曾悦疼得皱眉,却顾不上喊痛:“是萧以柔!她昨天拿了些所谓的‘证据’,说白家父母的车祸不是意外……”
“什么?!”萧祈今瞳孔骤缩,手上的力道不自觉地又重了几分。
“萧总!”大壮急忙上前,“曾小姐要受伤了!”
萧祈今这才如梦初醒般松开手,脸色阴沉得可怕:“继续搜!把厂区翻个底朝天也要找到人!”
曾悦揉着生疼的肩膀,快速将昨天的事说了一遍:“陈侦探已经确认那些文件是伪造的,但照片上确实有个可疑人物。我们本想来套萧以柔的话……”
“愚蠢!”萧祈今厉声打断。
哪怕想要知道真相,也不能这样贸贸然的过来。
难道她就不能让他帮忙吗?
他是废物吗?
萧祈今掏出手机,直接拨通了萧以柔的电话。
电话接通后,他开门见山地质问:“你在哪?卿卿在哪?”
“哥哥?”萧以柔的声音透着惊讶,“我在老宅陪奶奶喝茶啊。卿卿姐怎么了?”
萧祈今眼神阴鸷:“不是你约她来城西废弃工厂见面?”
“什么工厂?”萧以柔委屈地辩解,“我只是昨天跟她开了个玩笑,说要告诉她一些事……卿卿姐该不会当真了吧?”
“玩笑?”萧祈今的声音冷得像冰,“萧以柔!你最好祈祷这事真跟你无关。”
“哥哥你什么意思?”萧以柔的声音带上哭腔,“难道卿卿姐出事了?我、我马上过去……”

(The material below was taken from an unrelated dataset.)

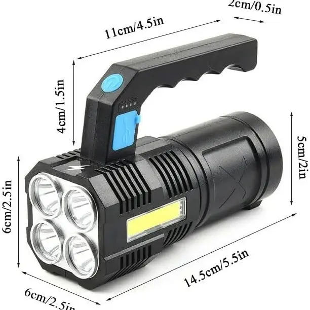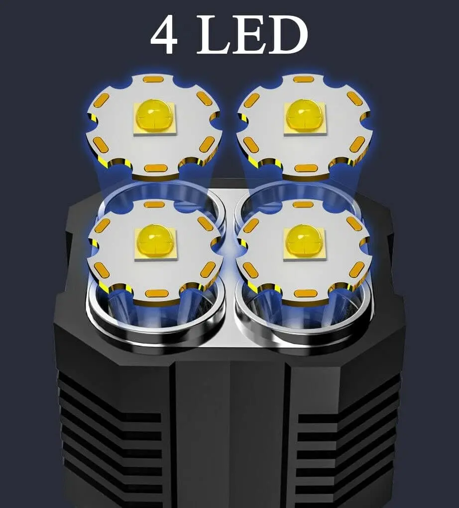 Elevate your emergency preparedness with this powerful tactical flashlight. It features 4X LED technology for super bright illumination. Perfect for camping or emergencies, this rechargeable light offers 4 modes for versatile use. Its waterproof design ensures durability in various conditions. A great gift for outdoor enthusiasts.

“不必了。”萧祈今干脆利落地挂断电话,转头对曾悦说,“查萧以柔今天的行踪,所有监控一个不漏!”
曾悦立刻拨通几个电话安排人手。
大壮突然从远处跑来:“萧总!东边发现轮胎印,很新!”
萧祈今大步流星地跟过去,只见泥地上几道清晰的车辙延伸向厂区后门。
白卿卿在黑暗中苏醒过来,后脑勺传来一阵阵钝痛。
她下意识想抬手揉一揉,却发现双手被粗糙的麻绳紧紧绑在身后,双脚也被牢牢捆住。
“有人吗?”她试探着喊了一声,声音在密闭的空间里回**,带着诡异的回音。
无人应答。
白卿卿艰难地扭动身体,试图判断周围环境。
地面冰凉潮湿,空气中弥漫着一股霉味和土腥气,像是多年不见阳光的地下室,又像是……山洞。
她想起今天是萧以柔约她来这里,难道是她派人绑架她?
可为什么?
“萧以柔!”她提高音量,“我知道是你!有本事出来当面说!”
依旧只有空洞的回音作答。
白卿卿强迫自己冷静下来。
她曲起膝盖,用手指摸索着脚踝处的绳结。
绳子绑得很专业,越挣扎勒得越紧,很快就磨破了她的皮肤。
“嘶——”她疼得倒抽一口冷气,却不敢停下动作。
白卿卿精疲力竭地靠在潮湿的墙壁上,手腕已经被粗糙的麻绳磨出一层血痕。
她舔了舔干裂的嘴唇,喉咙像被火烧一样疼。
“救命……”她虚弱地喊了一声,声音嘶哑得几乎听不见。